My thoughts: This paper presented us with information that is very applicable to everyday training conditions. There must be a sufficient quantity of indispensable amino acids present to enhance MPS. Surprising to some people is the actual role insulin plays in protein balance. Insulin does not cause the same affects in humans as it does rats, mice, pigs (growing animals generally used for research). Below is an excerpt from Body Maintenance and repair: how food and exercise keep the musculoskeletal system in good shape MJ. Rennie.

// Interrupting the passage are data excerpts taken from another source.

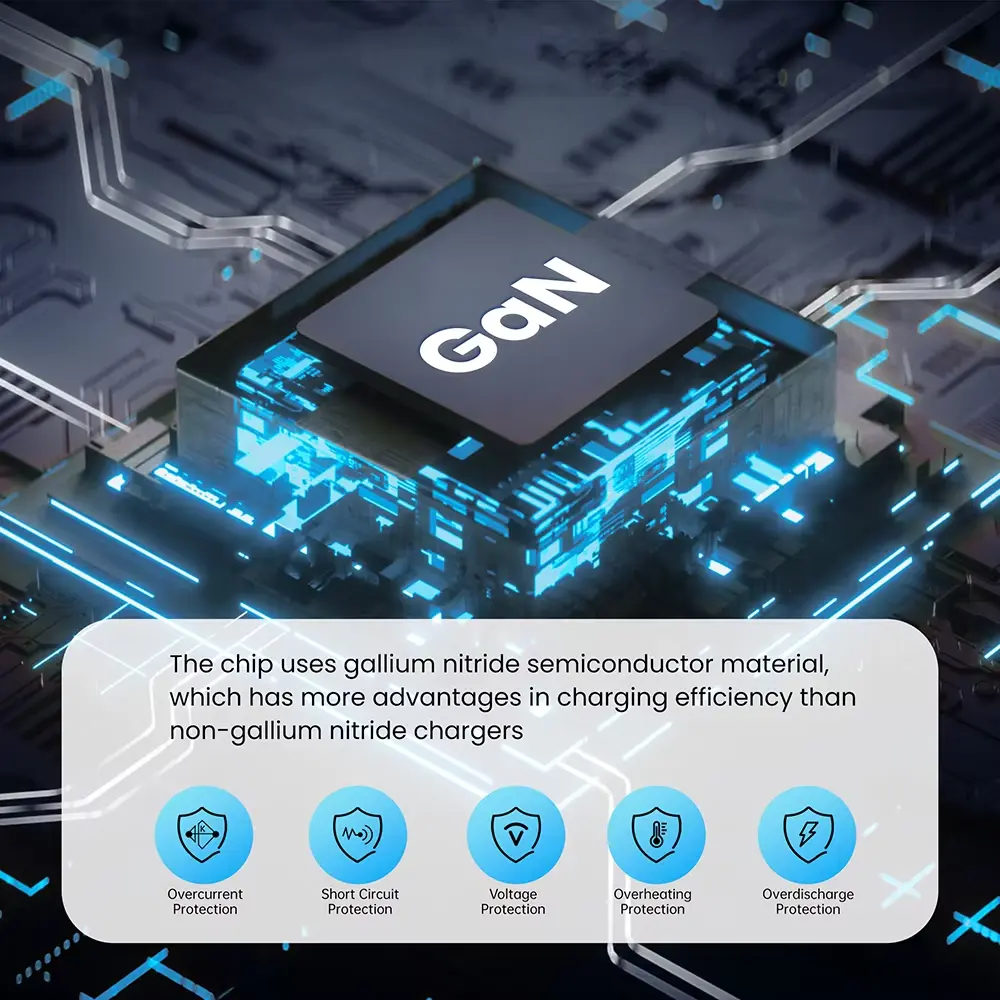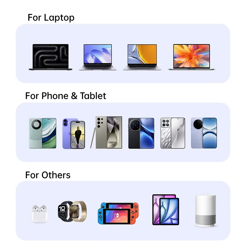Kompatibel med USB-C-enheter, inkludert mobiltelefoner, hodetelefoner og spilltilbehør. Oppdager automatisk enhetens behov for sikker og effektiv lading. 4. Reiseklar bærbarhet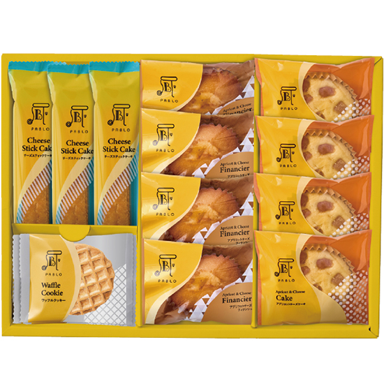 - 商品内容 ●内容:アプリコットチーズフィナンシェ×4、アプリコットチーズケーキ×4、チーズスティックケーキ×3、ワッフルクッキー×4 ●賞味期間:製造日より90日 ●化粧箱:30.5 x 22.8 x 5cm ●アレルゲン:小麦・たまご・乳
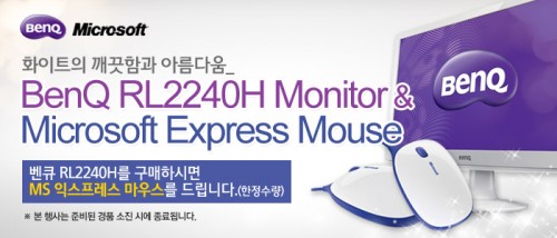 벤큐코리아는 국내 주요 쇼핑몰을 통해 RL2240H 모니터를 소비자가격은 18만 9000원에 판매하며, 11월 22일까지 모니터를 구매한 고객에 한하여 마이크로소프트 익스프레스 마우스를 무상 증정한다.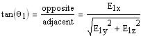 To find the angles, use the dot product method shown in Problem 1.3. The angle we are looking for is 90° minus the angle between the normal axis and the fields.

The nature of the involvement of insulin, classically thought of as the most important anabolic hormone, is bizarre because it appears that in adult humans insulin does not do what it does in the growing animals traditionally used for metabolic research, such as rats, mice and even pigs. In people, it appears that it is possible to stimulate muscle protein synthesis by supplying exogenous amino acids alone while maintaining (using insulin clamp techniques) basal blood insulin concentration at the overnight fasted level (Cuthbertson et al. 2004; Fig 2). Furthermore, if amino acids In amounts capable of causing a maximal response in protein synthesis are given, adding further insulin has no further stimulatory effect on protein synthesis but does sharply reduce protein breakdown (Greenhaff et al. 2005). When we use the insulin clamp technique, utilizing octreotide to inhibit insulin secretion and then replacing insulin to desired levels, we also inhibit the secretion of growth hormone and any subsequent changes in insulin like growth factor 1. Thus it appears that the amino acid stimulation of muscle protein synthesis is also independent of the increases in growth hormone or IGF-1 which would normally occur in the unclamped situation.
On a final note, a sufficient amount of calories, insulin and amino acids are necessary to maximize the response stimulated by resistance training.
Gropper, S. (2000). The Biochemistry of Human Nutrition: A Desk Reference. Wadsworth.
Hale J. (2007). Protein Essentials. MaxCondition Publishing.
Miller BF. (2007). Human Muscle Protein Synthesis After Physical Activity and Feeding. Sport Sci. Rev. , Vol. 35, No 2, pp. 50-55, 2007.
Rennie MJ. (2005). Body Maintenance and repair: how food and exercise keep the musculoskeletal system in good shape. Exp Physiol 90.4 pp.427-436.